Inicialmente, ela mostra a existência de uma relação necessária entre a morte (protagonista do

enredo ) e a linguagem. Esta relação se aprofunda quando percebemos que ele inscreve um

personagem real da história do pensamento na malha ficcional de seu romance, e não é um

personagem qualquer – trata-se de um filósofo importante especialmente no que diz respeito ao

pensamento ocidental sobre a linguagem, Wittgenstein. Em seu trabalho de 1953, Investigações

filosóficas, ele se ocupa sobretudo da linguagem da vida cotidiana. Na apresentação da tradução

brasileira, Emmanuel Carneiro Leão se refere à linguagem exposta por Wittgenstein de um

modo que permite intuir algo do motivo de sua referência no romance. Ele afirma que “A

linguagem real da vida não considera apenas as estruturas lógicas que se podem ordenar com

perfeição e transparência. A linguagem real da vida se mantém sempre em aberto e abrindo-se

para usos sempre novos e jogos em contínua reformulação.
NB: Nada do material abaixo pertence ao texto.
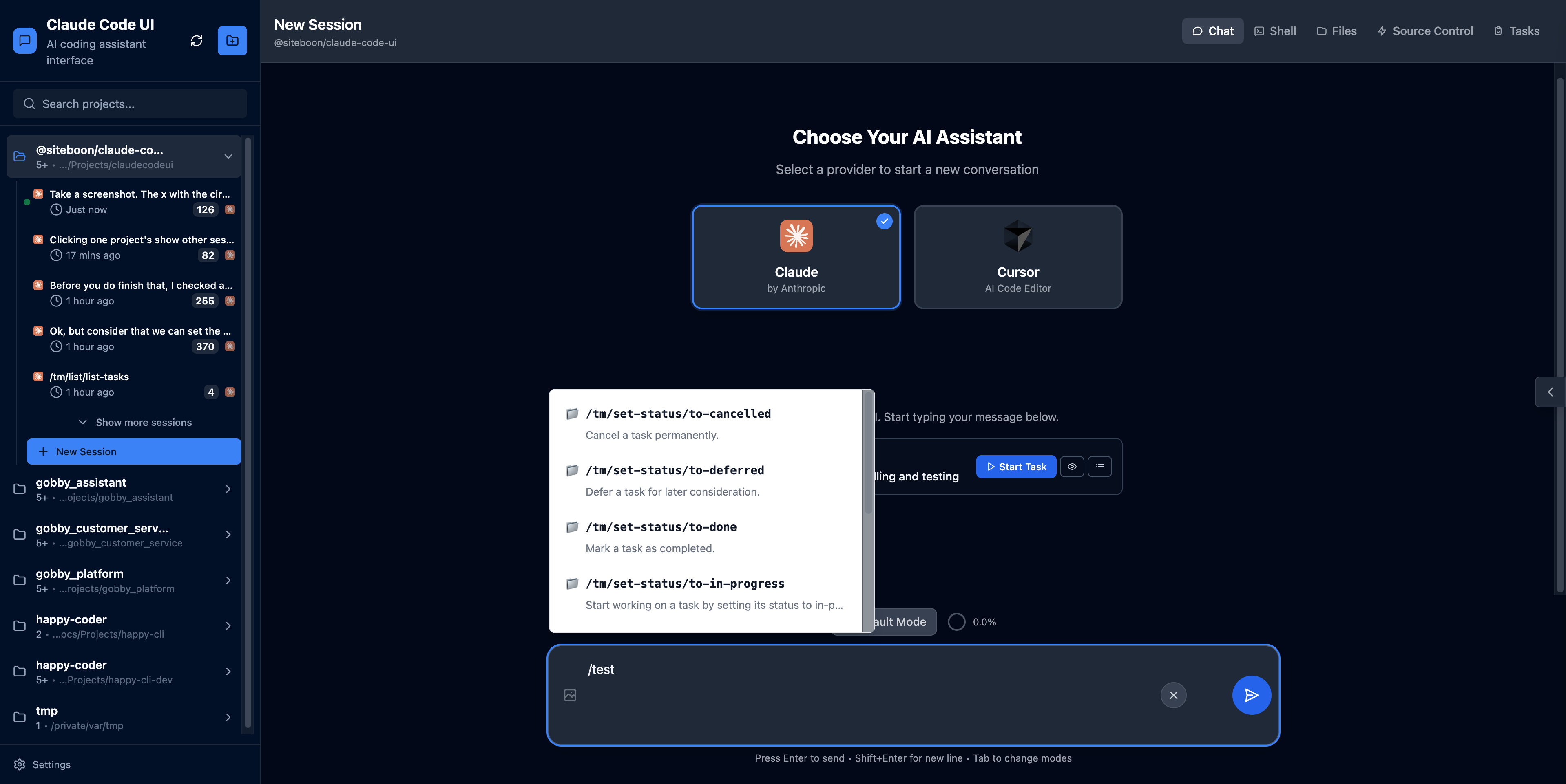 * feat: Add token budget tracking and multiple improvements ## Features - **Token Budget Visualization**: Added real-time token usage tracking with pie chart display showing percentage used (blue < 50%, orange < 75%, red ≥ 75%) - **Show Thinking Toggle**: Added quick settings option to show/hide reasoning sections in messages - **Cache Clearing Utility**: Added `/clear-cache.html` page for clearing service workers, caches, and storage ## Improvements - **Package Upgrades**: Migrated from deprecated `xterm` to `@xterm/*` scoped packages - **Testing Setup**: Added Playwright for end-to-end testing - **Build Optimization**: Implemented code splitting for React, CodeMirror, and XTerm vendors to improve initial load time - **Deployment Scripts**: Added `scripts/start.sh` and `scripts/stop.sh` for cleaner server management with automatic port conflict resolution - **Vite Update**: Upgraded Vite from 7.0.5 to 7.1.8 ## Bug Fixes - Fixed static file serving to properly handle routes vs assets - Fixed session state reset to preserve token budget on initial load - Updated default Vite dev server port to 5173 (Vite's standard) ## Technical Details - Token budget is parsed from Claude CLI `modelUsage` field in result messages - Budget updates are sent via WebSocket as `token-budget` events - Calculation includes input, output, cache read, and cache creation tokens - Token budget state persists during active sessions but resets on session switch * feat: Add session processing state persistence Fixes issue where "Thinking..." banner and stop button disappear when switching between sessions. Users can now navigate freely while Claude is processing without losing the ability to monitor or stop the session. Features: - Processing state tracked in processingSessions Set (App.jsx) - Backend session status queries via check-session-status WebSocket message - UI state (banner + stop button) restored when returning to processing sessions - Works after page reload by querying backend's authoritative process maps - Proper cleanup when sessions complete in background Backend Changes: - Added sessionId to claude-complete, cursor-result, session-aborted messages - Exported isClaudeSessionActive, isCursorSessionActive helper functions - Exported getActiveClaudeSessions, getActiveCursorSessions for status queries - Added check-session-status and get-active-sessions WebSocket handlers Frontend Changes: - processingSessions state tracking in App.jsx - onSessionProcessing/onSessionNotProcessing callbacks - Session status check on session load and switch - Completion handlers only update UI if message is for current session - Always clean up processing state regardless of which session is active * feat: Make context window size configurable via environment variables Removes hardcoded 160k token limit and makes it configurable through environment variables. This allows easier adjustment for different Claude models or use cases. Changes: - Added CONTEXT_WINDOW env var for backend (default: 160000) - Added VITE_CONTEXT_WINDOW env var for frontend (default: 160000) - Updated .env.example with documentation - Replaced hardcoded values in token usage calculations - Replaced hardcoded values in pie chart display Why 160k? Claude Code reserves ~40k tokens for auto-compact feature, leaving 160k available for actual usage from the 200k context window. * fix: Decode HTML entities in chat message display HTML entities like < and > were showing as-is instead of being decoded to < and > characters. Added decodeHtmlEntities helper function to properly display angle brackets and other special characters. Applied to: - Regular message content - Streaming content deltas - Session history loading - Both string and array content types * refactor: Align package.json with main branch standards - Revert to main branch's package.json scripts structure - Remove custom scripts/start.sh and scripts/stop.sh - Update xterm dependencies to scoped @xterm packages (required for code compatibility) - Replace xterm with @xterm/xterm - Replace xterm-addon-fit with @xterm/addon-fit 🤖 Generated with [Claude Code](https://claude.com/claude-code) Co-Authored-By: Claude <noreply@anthropic.com> * feat: Replace CLI implementation with Claude Agents SDK This commit completes the migration to the Claude Agents SDK, removing the legacy CLI-based implementation and making the SDK the exclusive integration method. Changes: - Remove claude-cli.js legacy implementation - Add claude-sdk.js with full SDK integration - Remove CLAUDE_USE_SDK feature flag (SDK is now always used) - Update server/index.js to use SDK functions directly - Add .serena/ to .gitignore for AI assistant cache Benefits: - Better performance (no child process overhead) - Native session management with interrupt support - Cleaner codebase without CLI/SDK branching - Full feature parity with previous CLI implementation - Maintains compatibility with Cursor integration 🤖 Generated with [Claude Code](https://claude.com/claude-code) Co-Authored-By: Claude <noreply@anthropic.com> * Update server/claude-sdk.js Whoops. This is correct. Co-authored-by: coderabbitai[bot] <136622811+coderabbitai[bot]@users.noreply.github.com> * Update server/index.js Co-authored-by: coderabbitai[bot] <136622811+coderabbitai[bot]@users.noreply.github.com> * Update src/components/ChatInterface.jsx Co-authored-by: coderabbitai[bot] <136622811+coderabbitai[bot]@users.noreply.github.com> * Update src/components/ChatInterface.jsx Co-authored-by: coderabbitai[bot] <136622811+coderabbitai[bot]@users.noreply.github.com> * Update src/components/ChatInterface.jsx Left my test code in, but that's fixed. Co-authored-by: coderabbitai[bot] <136622811+coderabbitai[bot]@users.noreply.github.com> * fix: Prevent stale token-usage data from updating state on session switch - Add AbortController to cancel in-flight token-usage requests when session/project changes - Capture session/project IDs before fetch and verify they match before updat

A fonte da vida histórica dos

homens é o caos, no sentido originário da palavra grega. (...) A palavra ‘caos’ tem o mesmo

radical do verbo chasko, que nos remete para a experiência de manter-se continuamente

abrindo-se, de estar, portanto, sempre em aberto. A linguagem real da vida cotidiana é este

poder inaugural do caos, o poder em si indeterminado e indeterminável de toda determinação e

indeterminação. (...) Nas Investigações, a linguagem se torna mais elástica e compreensiva e o

pensamento se transforma cada vez mais em atividade de diferenciar padrões de comportamento

sem propósito lógico ou teórico de combinação. Trata-se de aprendizagem, a aprendizagem de

ver novos modos de ver”. Ao que parece, Saramago assimila esta característica da linguagem

real da vida cotidiana em sua narrativa como linguagem de construção poética quando cria o

universo particular de As intermitências, cujo fundamento é exatamente a (re) criação do

necessário e do contingente. Ele faz isso ao subverter a ordem do mundo humano naquele que

é um de seus aspectos essenciais: a morte se torna contingente, e a vida, necessária.

Palavras-chave: Morte. Linguagem. José Saramago.